The README briefly describes how to get started with building LLVM. For more information on how to contribute to the LLVM project, please take a look at the Contributing to LLVM guide.
Taken from https://llvm.org/docs/GettingStarted.html.
Welcome to the LLVM project!
The LLVM project has multiple components. The core of the project is itself called “LLVM”. This contains all of the tools, libraries, and header files needed to process intermediate representations and converts it into object files. Tools include an assembler, disassembler, bitcode analyzer, and bitcode optimizer. It also contains basic regression tests.
C-like languages use the Clang front end. This component compiles C, C++, Objective C, and Objective C++ code into LLVM bitcode -- and from there into object files, using LLVM.
Other components include: the libc++ C++ standard library, the LLD linker, and more.
The LLVM Getting Started documentation may be out of date. The Clang Getting Started page might have more accurate information.

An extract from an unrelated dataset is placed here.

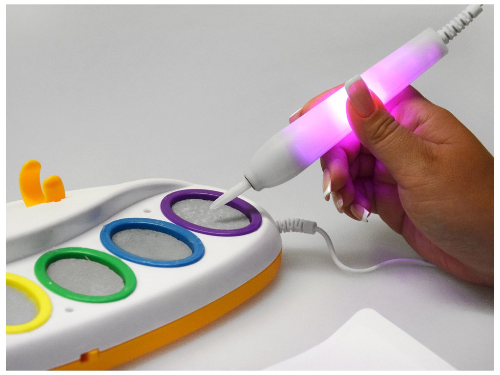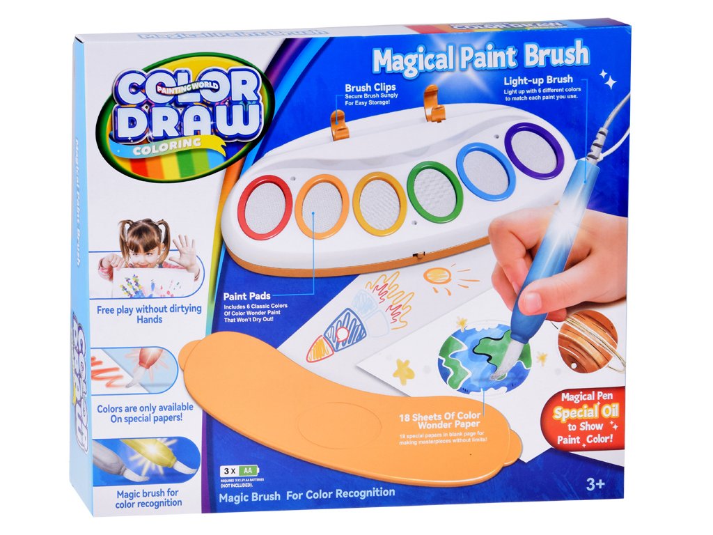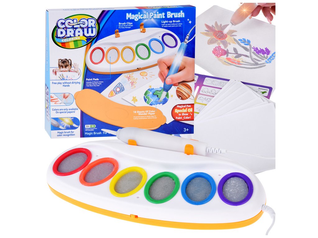 Místo tradičních barev a vody používá sada magický štětec, který vyzařuje bezpečné, nízkoenergetické světlo. Díky tomu se maluje bez použití barviv a barvy se objevují pouze na speciálním papíře, který je součástí sady (18 listů). Stačí se dotknout špičkou štětce barevného otvoru na paletě a poté jej přenést na papír, aby se objevily magické barvy.

This is an example work-flow and configuration to get and build the LLVM source:
Checkout LLVM (including related sub-projects like Clang):
git clone https://github.com/llvm/llvm-project.git
Or, on windows, git clone --config core.autocrlf=false https://github.com/llvm/llvm-project.git
Configure and build LLVM and Clang:
cd llvm-project
mkdir build
cd build
cmake -G <generator> [options] ../llvm
Some common build system generators are:
Ninja --- for generating Ninja build files. Most llvm developers use Ninja.Unix Makefiles --- for generating make-compatible parallel makefiles.Visual Studio --- for generating Visual Studio projects and solutions.Xcode --- for generating Xcode projects.Some Common options:
-DLLVM_ENABLE_PROJECTS='...' --- semicolon-separated list of the LLVM sub-projects you'd like to additionally build. Can include any of: clang, clang-tools-extra, libcxx, libcxxabi, libunwind, lldb, compiler-rt, lld, polly, or debuginfo-tests.
For example, to build LLVM, Clang, libcxx, and libcxxabi, use -DLLVM_ENABLE_PROJECTS="clang;libcxx;libcxxabi".

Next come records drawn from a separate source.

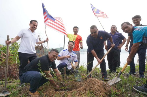 众人在瓜拉雪兰莪八丁燕带的结合储存河水系统(ORS)沿岸,种植了各20棵椰树和20棵小叶榄仁树。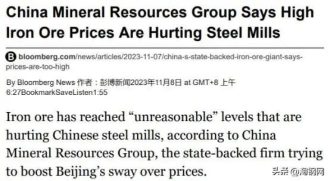 據彭博社(Bloomberg)報道,中國礦產資源集團(China Mineral Resources Group, CMRG)表示,鐵礦石已達到“不合理”的水平,這對中國(CHN)的鋼鐵廠造成了不利影響。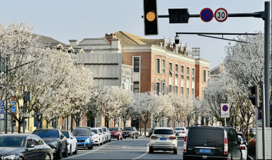 安州区滨河路起于益昌路东段,止于银河大道东段,全长1495米,道路宽20米。该道路于2020年底全面完成改造提升,建成后一直是市民朋友散步休闲的好去处。道路两旁种植的染井吉野樱花树型姿态优美,树冠完整,与沿线各功能地块总体景观统一和谐,樱花盛开之际,吸引众多市民驻足欣赏、拍照留念。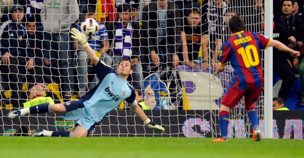 El Barcelona iba a tocar la pelota y el Real, a esperar. La estrategia azulgrana era clara también: riesgo cero en el pase para evitar los contragolpes. Pepe acosaba y Messi bajaba mucho para entrar en contacto con la pelota. Los blancos desconectaron de principio al Barcelona. Pero la posesión del esférico era azulgrana. Nadie se la discutía. Tras casi dos minutos de toque en bucle, Iniesta encontró por arriba a Messi, que en el '18 se plantó ante Casillas en la primera gran ocasión de gol del partido.

-DCMAKE_INSTALL_PREFIX=directory --- Specify for directory the full path name of where you want the LLVM tools and libraries to be installed (default /usr/local).

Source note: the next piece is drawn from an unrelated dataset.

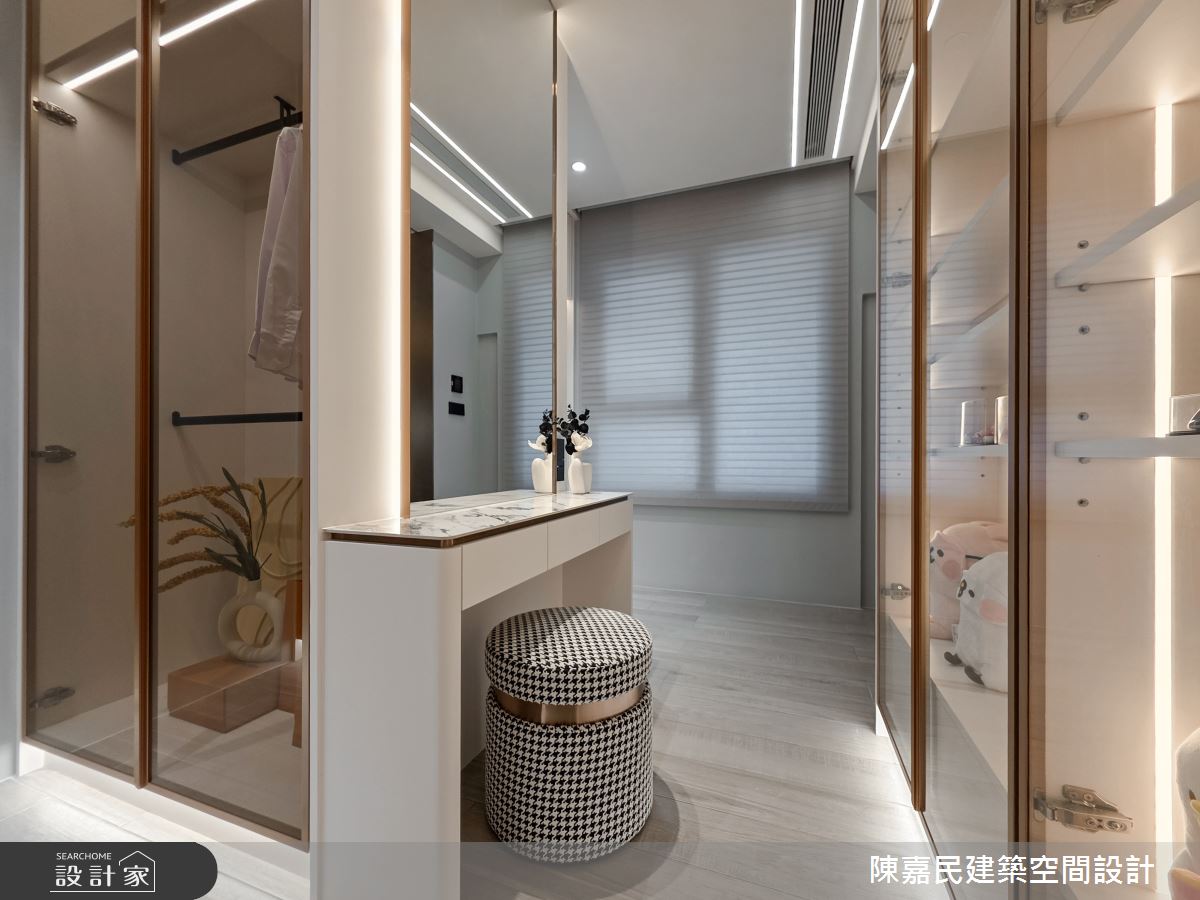 來自陳嘉民建築空間設計的28坪奢華風住宅案,是一間單層預售屋的四房格局,設計師藉由建材以壁紙、木地板、鐵件、茶玻、鍍鈦金屬、烤漆、大理石、木百葉、石材、噴漆的搭配應用,實現一家人的理想生活。

-DCMAKE_BUILD_TYPE=type --- Valid options for type are Debug, Release, RelWithDebInfo, and MinSizeRel. Default is Debug.
-DLLVM_ENABLE_ASSERTIONS=On --- Compile with assertion checks enabled (default is Yes for Debug builds, No for all other build types).
cmake --build . [-- [options] <target>] or your build system specified above directly.
The default target (i.e. ninja or make) will build all of LLVM.
The check-all target (i.e. ninja check-all) will run the regression tests to ensure everything is in working order.
CMake will generate targets for each tool and library, and most LLVM sub-projects generate their own check-<project> target.
Running a serial build will be slow. To improve speed, try running a parallel build. That's done by default in Ninja; for make, use the option -j NNN, where NNN is the number of parallel jobs, e.g. the number of CPUs you have.
For more information see CMake
Consult the Getting Started with LLVM page for detailed information on configuring and compiling LLVM. You can visit Directory Layout to learn about the layout of the source code tree.